After the fury died down, McGinniss conducted "at least a couple of hundred interviews from "people who, despite the intimidation and the fear, were willing to talk." The juiciest quotes and stories in The Rogue come from anonymous sources, but McGinniss says he nixed "90 percent of the anecdotes I heard," sticking to the ones he could confirm. Todd Palin has opted to knock the book down by quoting his own anonymous sources, who say McGinniss "was the most disingenuous and intellectual [sic] dishonest writer they'd ever dealt with."

"That's probably about AGIA," says McGinniss, referring to a gas pipeline project that Palin championed but couldn't make work. It was the focus of his first long article about Palin in 2009. "Todd still has a hair across his ass about that." Maybe the Palins are desperate. "She hasn't even announced her candidacy. I don't think she's gonna run, do you? And now she's running third behind Perry and Romney."

Just in case Palin defies McGinniss and stays relevant, here's a guide to a few of the Palin personae McGinniss sketches in The Rogue. Some of this stuff is so outrageous as to be unbelievable?c'mon, snorting cocaine off an oil drum in the great Alaskan wilderness??and no doubt the fact-checkers and Palin partisans of the Internet will have a few thousand words to say about it over the coming weeks. But as McGinniss ruefully acknowledges in his final chapter, anything that has to do with Palin gets people chattering. Or, at least, starting legal-defense funds.

Sarah Palin, Neighbor
The first line of the book, dated May 22, 2010, is straightforward: "I moved in next door to Sarah Palin today." An evocative description of the Wasilla home he rented last year is illustrated by a snapshot of Lake Lucille, which both McGinniss and Palin have views of. There is a map of the area around the Palin home, illustrating where McGinniss lived. McGinniss reports that the Palins told the original owner that they were going to cut a path through her property. "Todd told her, very plainly, that Sarah was mayor and they could do whatever they wanted, and it would be a mistake for her to try and stop them." The Palins even put up a fence with the ugly back side facing the neighbor's house.
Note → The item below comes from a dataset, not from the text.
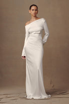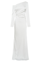 The AVERY Long Sleeve Maxi Dress features an asymmetrical drop shoulder neckline, adding modern sophistication. With long sleeves for coverage and grace, it boasts side gathered waist detailing for a touch of femininity. Lined for comfort, this dress ensures you look and feel your best for any elegant occasion.
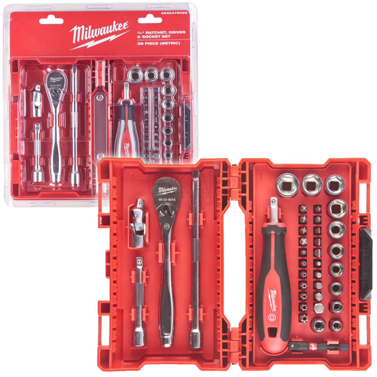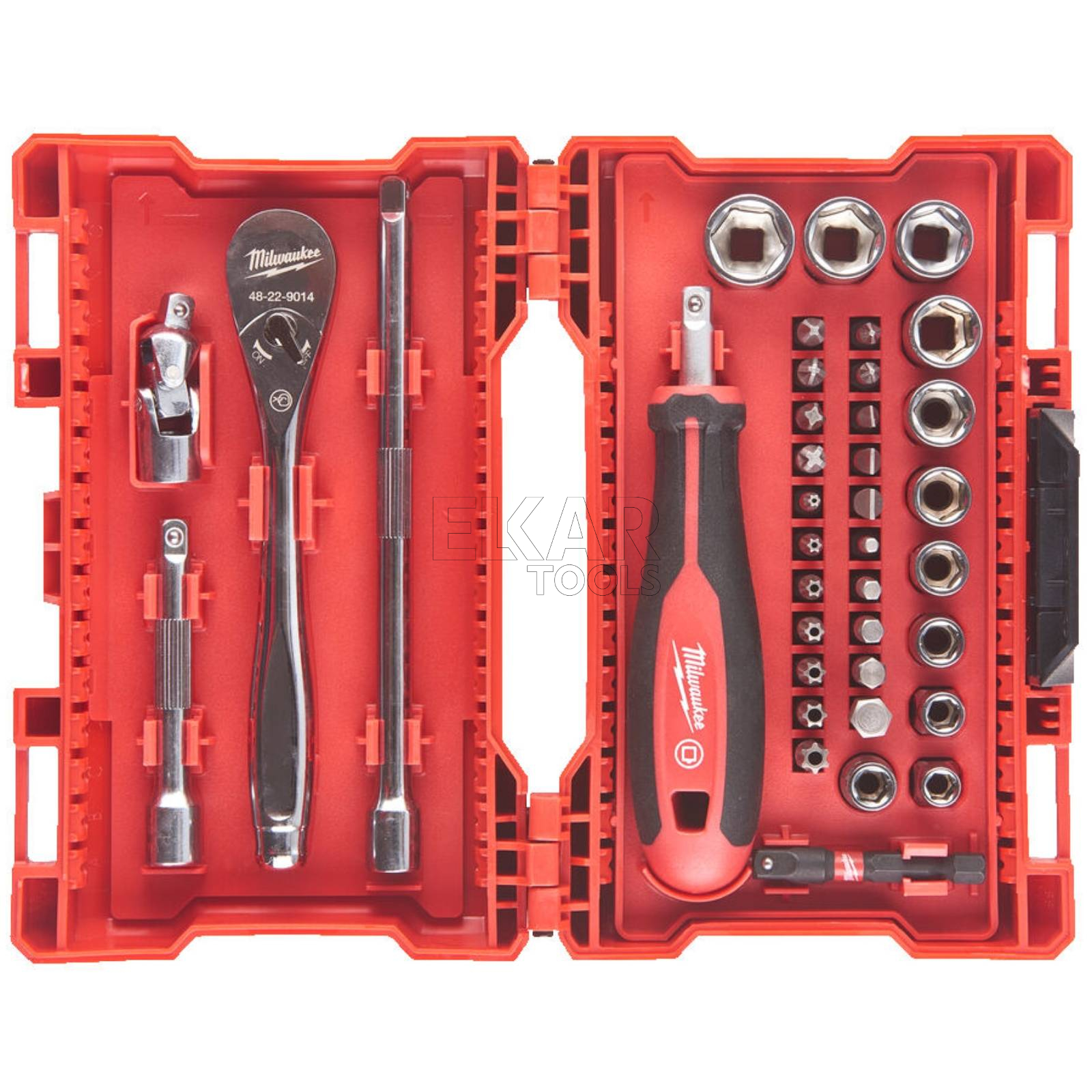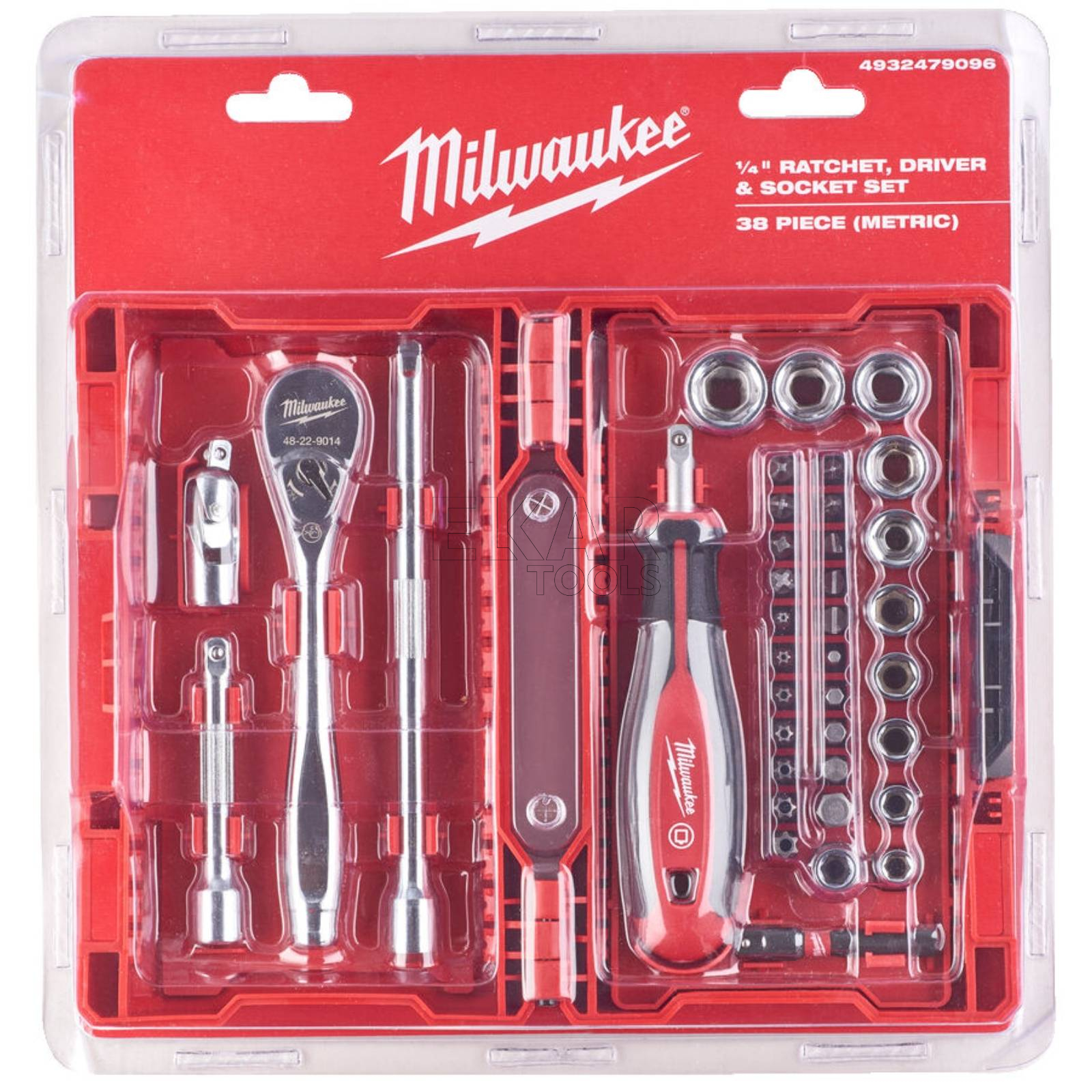 Zestaw nasadek 1/4" z grzechotką i wkrętakiem Milwaukee 4932479096 to 38-elementowy komplet narzędzi, idealny dla profesjonalistów i majsterkowiczów. Grzechotka o 90-zębowej konstrukcji zapewnia minimalny kąt obrotu wynoszący 4°, umożliwiając pracę w ciasnych przestrzeniach. Nasadki wyposażone w technologię FOUR FLAT™ zapobiegają toczeniu się, a wyraźne oznaczenia rozmiarów na płaskich powierzchniach ułatwiają identyfikację.

Later, once he learns who's living next door, Todd Palin pays McGinniss a visit, sporting a "First Dude" T-shirt and decrying his 2009 piece on AGIA. "We'll just see how long you stay around here," he says, wagging his finger.

Sarah Palin, Christian
One of Sarah's high-school classmates tells McGinniss that on bus trips, the future governor would "start preaching to us all about 'the Rapture.'? I remember even way back then she kept talking about how the Bible said the Middle East was going to be a bloodbath and that the end-times were upon us or drawing nigh or some such shit."

Palin won office in Wasilla with the help of evangelical Christians. "On her first day in office, Sarah changed the screen saver on the mayor's official computer to read GOD LOVES YOU SARAH PALIN." Phil Munger, whose band played at a commencement for homeschoolers that Palin spoke at, reports on her creationist views, saying she spoke of seeing "pictures that showed human footprints inside dinosaur tracks."

Later in the book, an anonymous source says Palin's religious creed might be an act. "There was no religion in that house. There was nothing about God. There was no Christ. Nobody prayed. There were no Bibles, there were no Christ Is in This Home signs."